PROMPT -
How many lines of these records hold the string "located"? Reply with the number alone.

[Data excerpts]
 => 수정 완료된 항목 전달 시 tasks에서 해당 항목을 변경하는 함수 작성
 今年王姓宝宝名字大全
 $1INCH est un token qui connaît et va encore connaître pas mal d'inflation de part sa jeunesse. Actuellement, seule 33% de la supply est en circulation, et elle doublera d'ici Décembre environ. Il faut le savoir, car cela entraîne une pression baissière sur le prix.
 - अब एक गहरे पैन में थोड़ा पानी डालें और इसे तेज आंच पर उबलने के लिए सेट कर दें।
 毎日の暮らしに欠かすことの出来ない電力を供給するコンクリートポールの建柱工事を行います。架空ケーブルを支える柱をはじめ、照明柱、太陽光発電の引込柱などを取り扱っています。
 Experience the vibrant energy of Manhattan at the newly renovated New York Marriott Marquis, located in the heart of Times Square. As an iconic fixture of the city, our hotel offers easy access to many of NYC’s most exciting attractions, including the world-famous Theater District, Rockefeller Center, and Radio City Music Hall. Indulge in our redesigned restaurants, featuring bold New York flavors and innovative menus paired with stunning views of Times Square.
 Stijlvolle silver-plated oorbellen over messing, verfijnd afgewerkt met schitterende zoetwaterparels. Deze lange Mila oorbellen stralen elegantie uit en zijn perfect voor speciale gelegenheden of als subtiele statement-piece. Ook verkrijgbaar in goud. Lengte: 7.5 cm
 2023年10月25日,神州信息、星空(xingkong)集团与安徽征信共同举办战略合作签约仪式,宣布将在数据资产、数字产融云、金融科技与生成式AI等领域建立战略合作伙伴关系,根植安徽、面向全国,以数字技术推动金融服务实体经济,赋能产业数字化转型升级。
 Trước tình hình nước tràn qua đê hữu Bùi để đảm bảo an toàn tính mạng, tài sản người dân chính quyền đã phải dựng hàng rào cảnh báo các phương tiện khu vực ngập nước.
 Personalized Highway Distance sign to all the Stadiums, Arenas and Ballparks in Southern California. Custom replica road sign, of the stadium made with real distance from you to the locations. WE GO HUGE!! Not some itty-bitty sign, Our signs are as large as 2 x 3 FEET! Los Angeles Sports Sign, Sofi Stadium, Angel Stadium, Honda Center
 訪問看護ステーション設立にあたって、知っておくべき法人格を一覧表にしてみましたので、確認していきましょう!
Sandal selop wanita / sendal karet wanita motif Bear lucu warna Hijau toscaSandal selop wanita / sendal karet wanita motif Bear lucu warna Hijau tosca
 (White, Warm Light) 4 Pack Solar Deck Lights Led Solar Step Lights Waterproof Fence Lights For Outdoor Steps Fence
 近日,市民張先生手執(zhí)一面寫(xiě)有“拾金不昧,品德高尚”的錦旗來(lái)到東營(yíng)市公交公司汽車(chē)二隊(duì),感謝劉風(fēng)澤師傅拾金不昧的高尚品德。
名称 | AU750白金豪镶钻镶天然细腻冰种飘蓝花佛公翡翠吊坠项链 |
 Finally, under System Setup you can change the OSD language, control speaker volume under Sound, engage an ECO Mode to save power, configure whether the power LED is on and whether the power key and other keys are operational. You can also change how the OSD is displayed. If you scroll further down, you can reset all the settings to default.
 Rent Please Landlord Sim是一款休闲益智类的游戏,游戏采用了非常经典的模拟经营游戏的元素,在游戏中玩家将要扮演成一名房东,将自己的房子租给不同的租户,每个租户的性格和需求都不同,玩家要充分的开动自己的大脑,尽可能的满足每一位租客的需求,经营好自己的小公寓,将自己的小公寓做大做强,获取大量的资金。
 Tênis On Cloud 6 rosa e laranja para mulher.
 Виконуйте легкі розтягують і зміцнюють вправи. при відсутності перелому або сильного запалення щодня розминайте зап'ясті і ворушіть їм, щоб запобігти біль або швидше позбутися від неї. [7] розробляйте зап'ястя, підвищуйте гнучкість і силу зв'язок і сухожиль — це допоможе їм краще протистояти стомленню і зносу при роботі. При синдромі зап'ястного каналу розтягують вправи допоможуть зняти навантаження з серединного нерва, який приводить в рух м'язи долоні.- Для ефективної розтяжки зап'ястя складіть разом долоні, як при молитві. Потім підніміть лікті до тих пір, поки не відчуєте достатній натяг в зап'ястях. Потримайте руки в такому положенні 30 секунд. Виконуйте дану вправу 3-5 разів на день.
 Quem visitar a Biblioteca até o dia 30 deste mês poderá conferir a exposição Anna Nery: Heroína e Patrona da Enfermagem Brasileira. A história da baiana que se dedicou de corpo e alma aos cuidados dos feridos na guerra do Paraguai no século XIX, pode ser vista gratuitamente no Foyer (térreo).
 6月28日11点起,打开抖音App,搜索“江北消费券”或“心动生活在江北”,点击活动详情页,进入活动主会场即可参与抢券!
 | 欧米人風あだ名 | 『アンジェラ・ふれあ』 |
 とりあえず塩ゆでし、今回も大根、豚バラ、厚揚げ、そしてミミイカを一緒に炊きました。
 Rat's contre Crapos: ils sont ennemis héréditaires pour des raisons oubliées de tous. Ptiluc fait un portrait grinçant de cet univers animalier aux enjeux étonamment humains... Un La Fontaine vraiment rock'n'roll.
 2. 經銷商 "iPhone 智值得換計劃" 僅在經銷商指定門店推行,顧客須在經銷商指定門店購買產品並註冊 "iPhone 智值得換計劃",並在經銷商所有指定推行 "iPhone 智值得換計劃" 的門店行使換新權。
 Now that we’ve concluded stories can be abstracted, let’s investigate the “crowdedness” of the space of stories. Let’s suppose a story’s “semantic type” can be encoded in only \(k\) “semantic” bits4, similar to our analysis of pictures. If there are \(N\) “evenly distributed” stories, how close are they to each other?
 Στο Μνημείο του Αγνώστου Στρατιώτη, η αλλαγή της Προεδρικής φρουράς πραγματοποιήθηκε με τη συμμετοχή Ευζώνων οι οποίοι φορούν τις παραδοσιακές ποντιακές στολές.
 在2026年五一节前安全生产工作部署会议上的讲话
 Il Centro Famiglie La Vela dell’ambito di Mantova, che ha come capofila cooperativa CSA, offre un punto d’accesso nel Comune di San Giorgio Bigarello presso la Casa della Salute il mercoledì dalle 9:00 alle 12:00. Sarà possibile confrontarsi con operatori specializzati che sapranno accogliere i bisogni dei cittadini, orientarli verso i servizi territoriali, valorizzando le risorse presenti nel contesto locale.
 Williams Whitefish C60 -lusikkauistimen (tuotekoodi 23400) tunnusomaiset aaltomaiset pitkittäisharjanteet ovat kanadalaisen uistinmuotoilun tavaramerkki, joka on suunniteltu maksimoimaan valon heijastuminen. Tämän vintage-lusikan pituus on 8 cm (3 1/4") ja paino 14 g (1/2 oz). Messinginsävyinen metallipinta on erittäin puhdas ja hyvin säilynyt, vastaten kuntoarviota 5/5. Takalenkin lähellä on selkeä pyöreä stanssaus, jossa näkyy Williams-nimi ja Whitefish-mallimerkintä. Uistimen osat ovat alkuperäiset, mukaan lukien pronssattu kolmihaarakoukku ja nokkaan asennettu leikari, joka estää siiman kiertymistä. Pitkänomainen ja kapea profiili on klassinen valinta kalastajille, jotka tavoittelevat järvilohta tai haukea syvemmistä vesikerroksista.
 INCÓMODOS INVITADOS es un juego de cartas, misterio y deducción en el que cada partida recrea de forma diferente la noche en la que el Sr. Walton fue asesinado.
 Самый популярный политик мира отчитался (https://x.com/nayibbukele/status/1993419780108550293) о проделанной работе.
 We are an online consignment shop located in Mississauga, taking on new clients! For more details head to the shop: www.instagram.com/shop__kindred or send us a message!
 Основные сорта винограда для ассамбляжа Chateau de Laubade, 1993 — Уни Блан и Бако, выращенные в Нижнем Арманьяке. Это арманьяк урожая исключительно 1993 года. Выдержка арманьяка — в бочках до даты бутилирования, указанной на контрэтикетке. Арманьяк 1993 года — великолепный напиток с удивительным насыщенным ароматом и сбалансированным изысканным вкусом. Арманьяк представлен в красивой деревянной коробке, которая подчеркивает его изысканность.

ANSWER BELOW -
2